Et l'enjeu économique est fort : « Sur ces groupes, il y a des vendeurs qui échangent des photos, des vidéos contre de l'argent. De quelques centimes à environ sept euros pour une image, ce n'est vraiment pas cher, mais certains sont devenus riches grâce à cela. »
Une législation défaillante qui pourrait être mise à jour
Un phénomène aggravé par les progrès de la technologie de l'intelligence artificielle dont la législation coréenne peine à suivre, poursuit Shin Seong-yeon : « En Corée, il n'existe pas vraiment de loi contre ce genre de crime. Seule la loi contre la pornographie interdit la vente et la diffusion d'images à caractère sexuel. Mais cela ne prend pas en compte le préjudice, la violence contre les victimes. En Corée, le corps nu d'une femme est un plus grand problème que la violence qu'elle subit. »

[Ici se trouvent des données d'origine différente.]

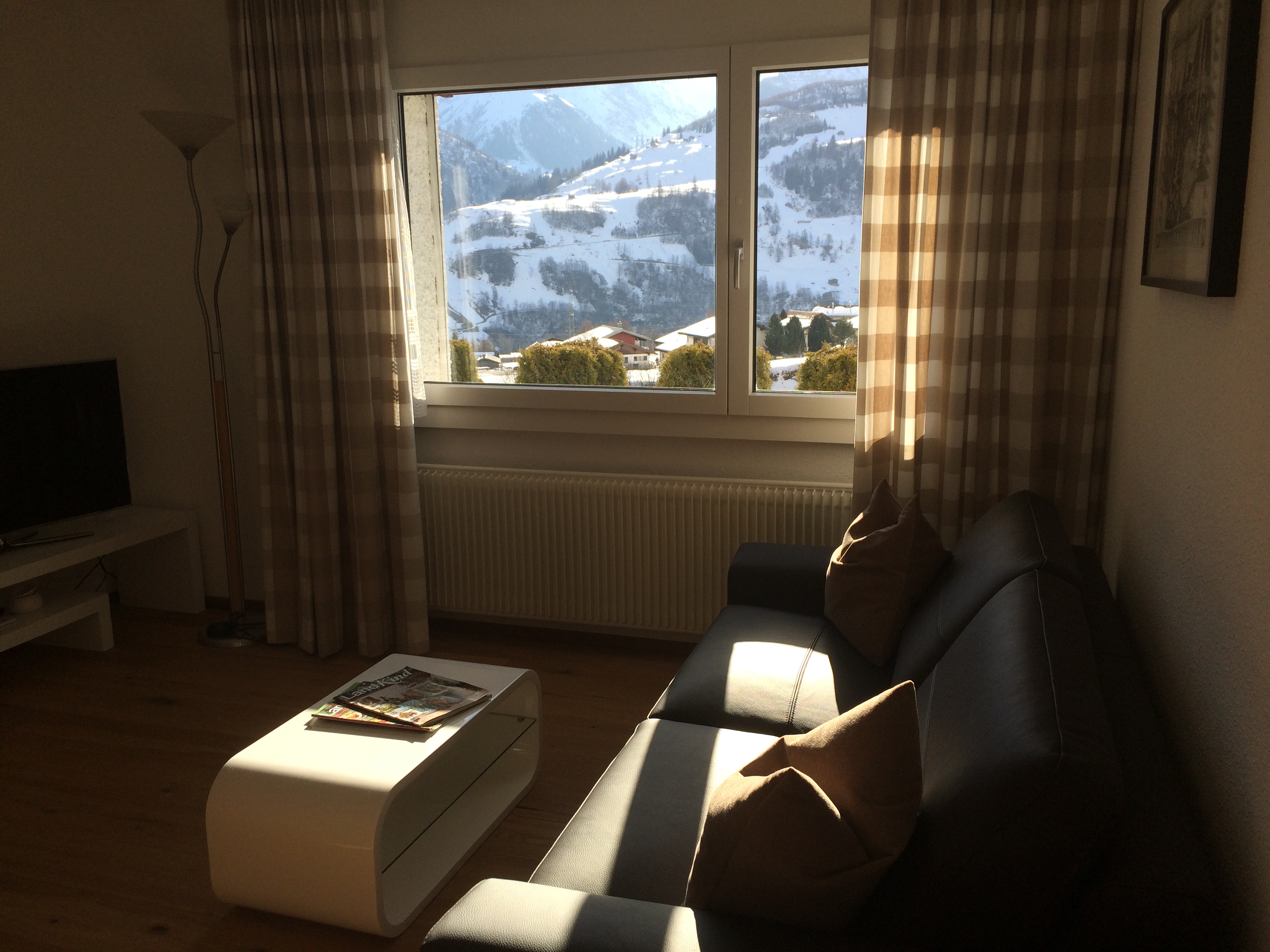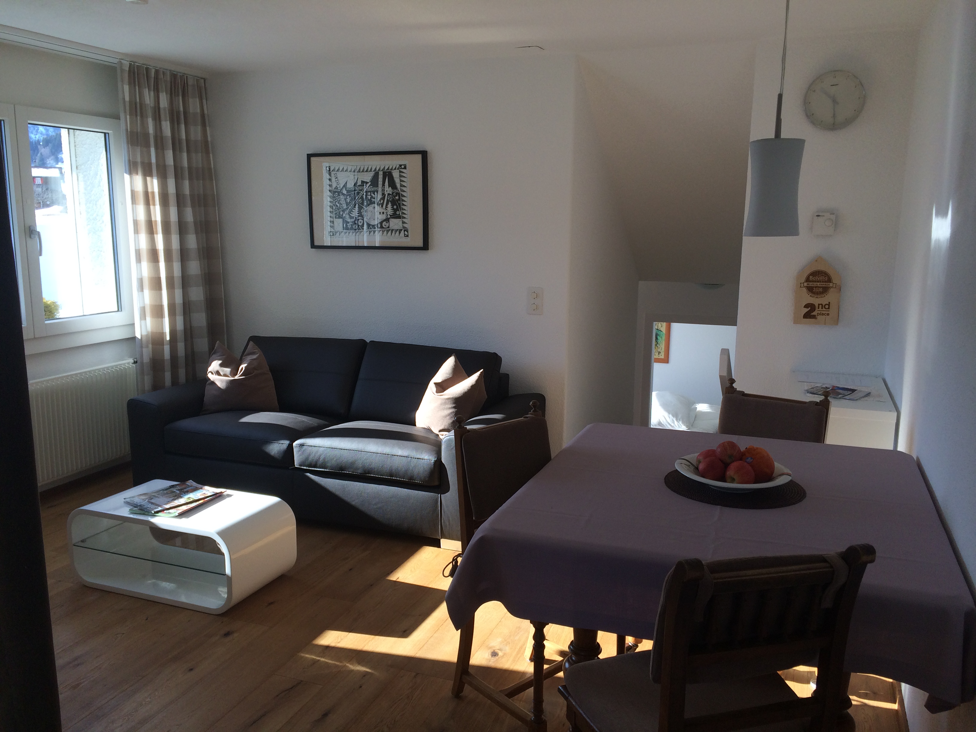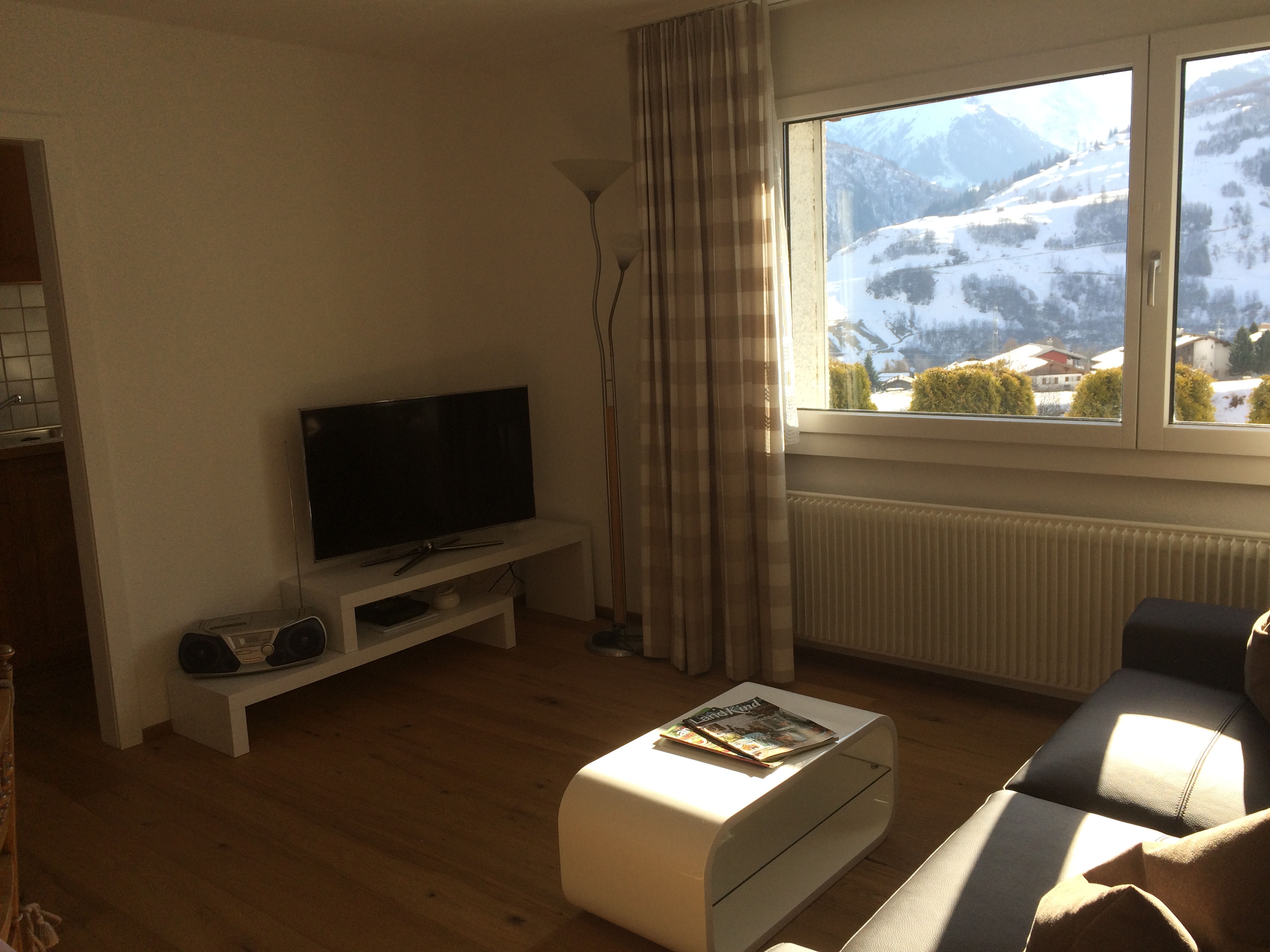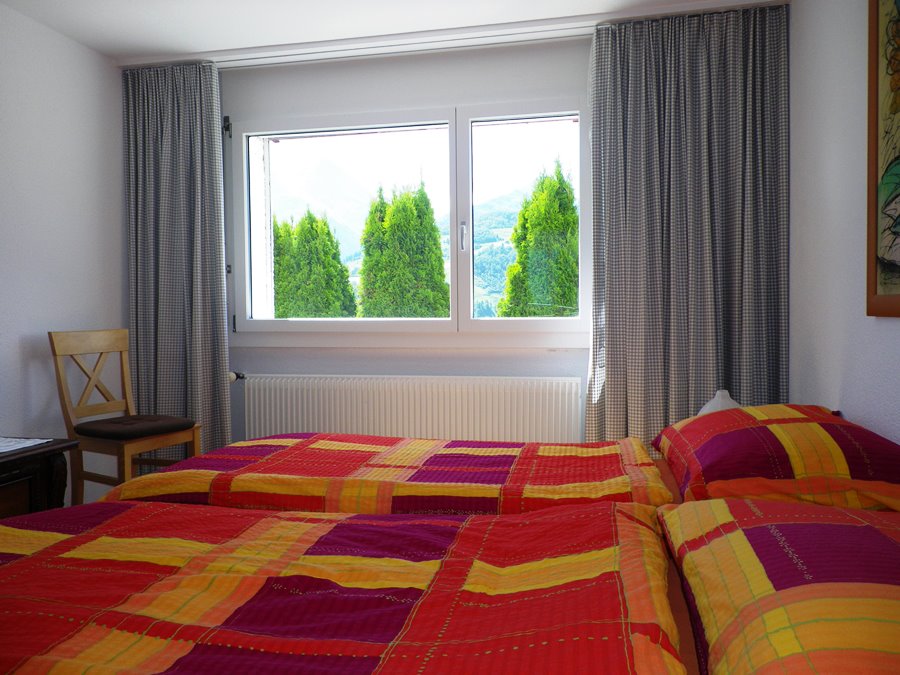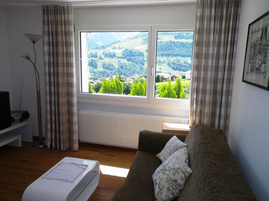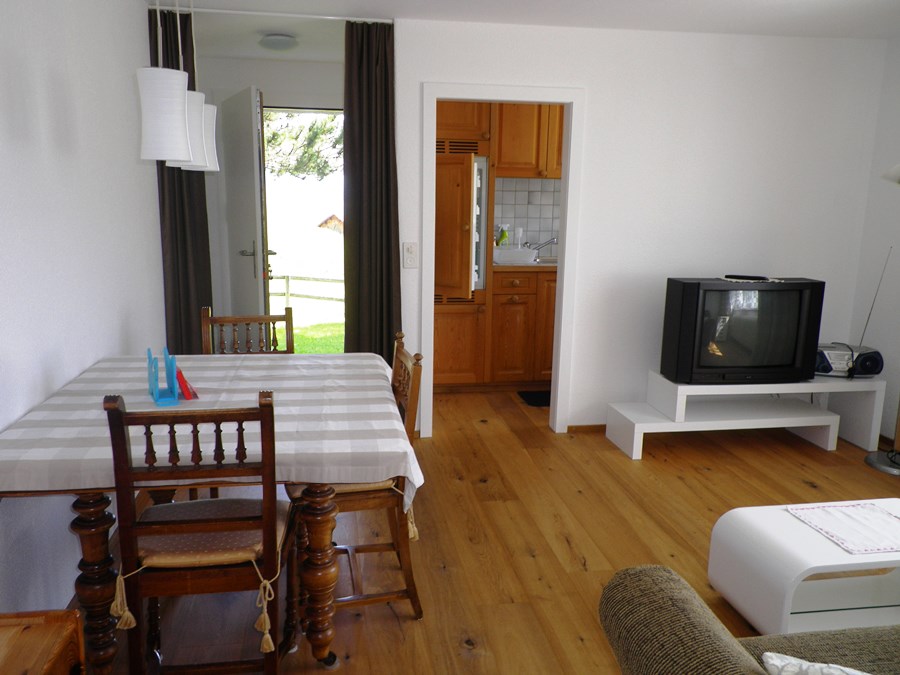 Möbilierte 2-Zimmer-Wohnung mit separater Küche, Wohnzimmer mit Sofabett für 1 - 2 Personen, TV, Radio, CD-Player, Schlafzimmer mit zwei separaten Betten, Badzimmer mit Dusche/WC.Küchenwäsche vorhanden und inbegriffen, Badwäsche bitte selber mitbringen. Zusatzbett (CHF 10.-)Bodenbelag: Parkett

C'est pourquoi elle plaide pour une prise en compte par les politiques de ce sujet : « Il est nécessaire que les politiques prennent conscience de ce vide juridique et écrivent une nouvelle loi pour punir les cas de harcèlement sexuel en ligne. »
Le président Yoon Suk-yeol a annoncé prendre au sérieux cette vague de crime qui touche, entre autres, des mineurs. Une commission parlementaire va également être mise en place pour potentiellement établir une nouvelle législation.